You govern the 810 members (partially — depending on attribute completeness) and the 89 guests (minimally — depending on sponsor coverage). The 347 app registrations, 42 service principals, and 15 managed identities have no formal governance program — no ownership attestation, no credential lifecycle, no permission review. The honest answer: "We administer 1,303 identities. We govern approximately 900. The 400+ non-human identities have no governance framework." Modules 7 and 8 build that framework.

Scenario 2. A vendor asks you to create a "service account" (a member user with a shared password) for their integration because "that's how we've always done it." The identity type taxonomy says this should be a service principal. How do you respond?

The service account model has three governance failures: shared credentials (no individual accountability), no credential rotation enforcement, and the user object consumes a license. A service principal authenticates with a certificate or managed identity (no shared password), has credential expiry policies, and doesn't consume a user license. The migration path: create an app registration, grant the required Graph API permissions, issue a certificate credential, and decommission the shared account. If the vendor's integration doesn't support service principal authentication, document this as a risk register entry with a remediation timeline.

Scenario 3. You discover a service principal that authenticates with a client secret, holds Mail.ReadWrite permission on all mailboxes, and was created by a developer who left 14 months ago.

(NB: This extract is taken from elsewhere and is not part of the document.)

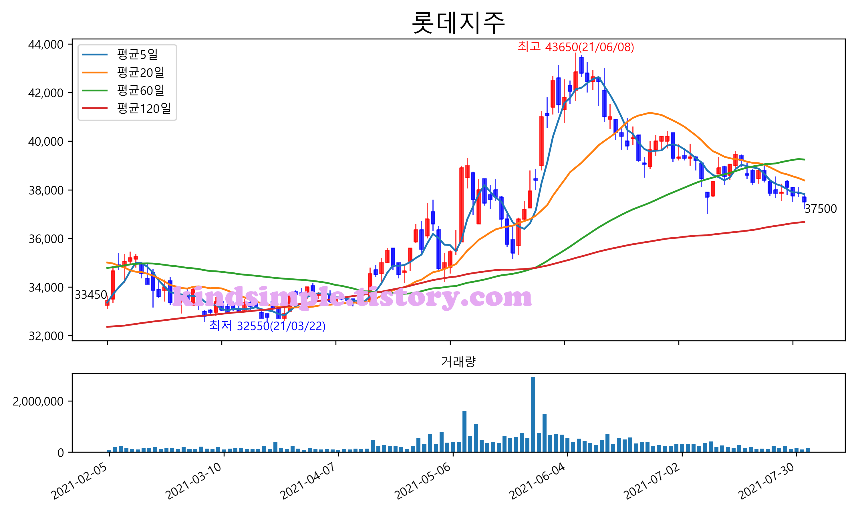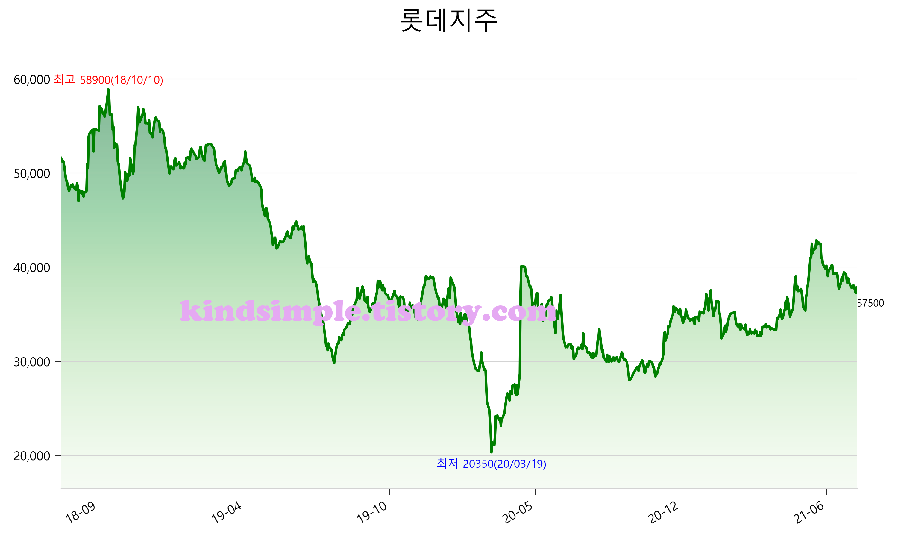 8월 4일 기준 주가는 37,500원 입니다. 아래는 최근 3년간의 주가흐름입니다.

Nobody in IT knows what it does. What's your immediate action and your governance recommendation?

Immediate: do NOT delete it — it might be running a production mail integration that breaking would cause an outage. Instead: rotate the credential (generate a new secret, invalidate the old one), notify the development team lead, and set a 14-day deadline to identify the app's purpose. If nobody claims it after 14 days, disable the service principal (don't delete) and monitor for break-fix reports. Governance recommendation: every service principal needs an ownership attestation policy — Module 7 builds this.